### Supplied records
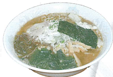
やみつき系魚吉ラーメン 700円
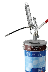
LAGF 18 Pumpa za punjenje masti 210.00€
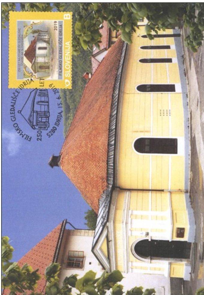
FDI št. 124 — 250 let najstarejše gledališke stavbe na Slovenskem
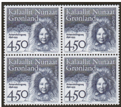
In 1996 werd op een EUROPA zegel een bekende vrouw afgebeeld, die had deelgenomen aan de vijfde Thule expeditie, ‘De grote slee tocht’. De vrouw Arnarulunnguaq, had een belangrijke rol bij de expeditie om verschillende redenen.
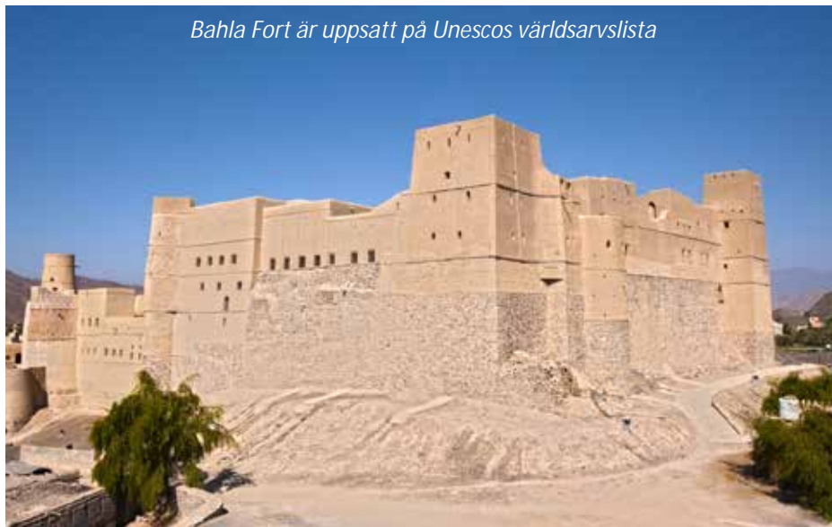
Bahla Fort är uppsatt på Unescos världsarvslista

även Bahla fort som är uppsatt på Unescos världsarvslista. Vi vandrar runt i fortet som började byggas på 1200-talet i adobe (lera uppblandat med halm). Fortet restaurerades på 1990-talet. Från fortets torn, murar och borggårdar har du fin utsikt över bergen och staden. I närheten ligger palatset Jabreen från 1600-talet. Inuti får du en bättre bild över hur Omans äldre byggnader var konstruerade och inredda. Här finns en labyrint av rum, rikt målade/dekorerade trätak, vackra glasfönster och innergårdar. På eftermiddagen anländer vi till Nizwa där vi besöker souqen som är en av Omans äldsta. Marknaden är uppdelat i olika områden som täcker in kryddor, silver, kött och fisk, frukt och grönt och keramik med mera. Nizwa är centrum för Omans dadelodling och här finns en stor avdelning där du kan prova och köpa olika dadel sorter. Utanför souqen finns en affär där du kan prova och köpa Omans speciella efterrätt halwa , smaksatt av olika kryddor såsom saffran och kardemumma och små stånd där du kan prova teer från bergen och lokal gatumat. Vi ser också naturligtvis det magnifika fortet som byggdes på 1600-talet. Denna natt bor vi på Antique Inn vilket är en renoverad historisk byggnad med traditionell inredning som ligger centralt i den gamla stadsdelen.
--
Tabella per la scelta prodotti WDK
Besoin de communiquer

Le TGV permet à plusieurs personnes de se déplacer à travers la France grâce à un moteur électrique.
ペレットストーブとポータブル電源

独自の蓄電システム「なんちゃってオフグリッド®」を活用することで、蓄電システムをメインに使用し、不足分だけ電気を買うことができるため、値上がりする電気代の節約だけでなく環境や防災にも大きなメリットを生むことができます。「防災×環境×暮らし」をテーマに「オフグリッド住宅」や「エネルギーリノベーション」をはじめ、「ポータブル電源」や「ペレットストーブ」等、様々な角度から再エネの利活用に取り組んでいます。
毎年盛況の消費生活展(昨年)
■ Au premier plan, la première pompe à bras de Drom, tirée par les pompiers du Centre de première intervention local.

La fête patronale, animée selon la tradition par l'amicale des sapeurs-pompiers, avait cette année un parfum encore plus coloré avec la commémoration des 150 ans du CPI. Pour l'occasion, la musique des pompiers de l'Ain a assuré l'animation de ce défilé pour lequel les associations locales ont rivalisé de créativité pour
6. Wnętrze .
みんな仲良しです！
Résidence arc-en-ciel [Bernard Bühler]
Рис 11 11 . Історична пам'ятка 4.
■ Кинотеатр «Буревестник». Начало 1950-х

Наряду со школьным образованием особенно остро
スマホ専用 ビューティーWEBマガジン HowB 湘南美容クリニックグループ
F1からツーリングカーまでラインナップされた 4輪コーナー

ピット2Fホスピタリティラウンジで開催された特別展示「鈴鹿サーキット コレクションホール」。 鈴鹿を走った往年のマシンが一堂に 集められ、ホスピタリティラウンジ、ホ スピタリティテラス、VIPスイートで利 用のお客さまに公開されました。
* * *
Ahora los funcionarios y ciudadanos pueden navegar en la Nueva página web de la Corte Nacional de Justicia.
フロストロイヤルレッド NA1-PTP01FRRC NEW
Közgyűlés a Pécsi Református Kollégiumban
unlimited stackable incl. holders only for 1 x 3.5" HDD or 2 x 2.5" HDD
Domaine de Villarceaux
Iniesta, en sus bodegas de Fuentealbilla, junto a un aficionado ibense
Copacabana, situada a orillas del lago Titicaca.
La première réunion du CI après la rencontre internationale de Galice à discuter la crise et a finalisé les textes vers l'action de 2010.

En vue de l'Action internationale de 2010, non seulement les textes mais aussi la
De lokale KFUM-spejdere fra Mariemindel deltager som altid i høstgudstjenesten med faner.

### Task goal
Return only the lines between the one holding "ペレットストーブとポータブル電源" and the one holding "première intervention local.", inclusive, exactly as they appear above.

### Result
ペレットストーブとポータブル電源

独自の蓄電システム「なんちゃってオフグリッド®」を活用することで、蓄電システムをメインに使用し、不足分だけ電気を買うことができるため、値上がりする電気代の節約だけでなく環境や防災にも大きなメリットを生むことができます。「防災×環境×暮らし」をテーマに「オフグリッド住宅」や「エネルギーリノベーション」をはじめ、「ポータブル電源」や「ペレットストーブ」等、様々な角度から再エネの利活用に取り組んでいます。
毎年盛況の消費生活展(昨年)
■ Au premier plan, la première pompe à bras de Drom, tirée par les pompiers du Centre de première intervention local.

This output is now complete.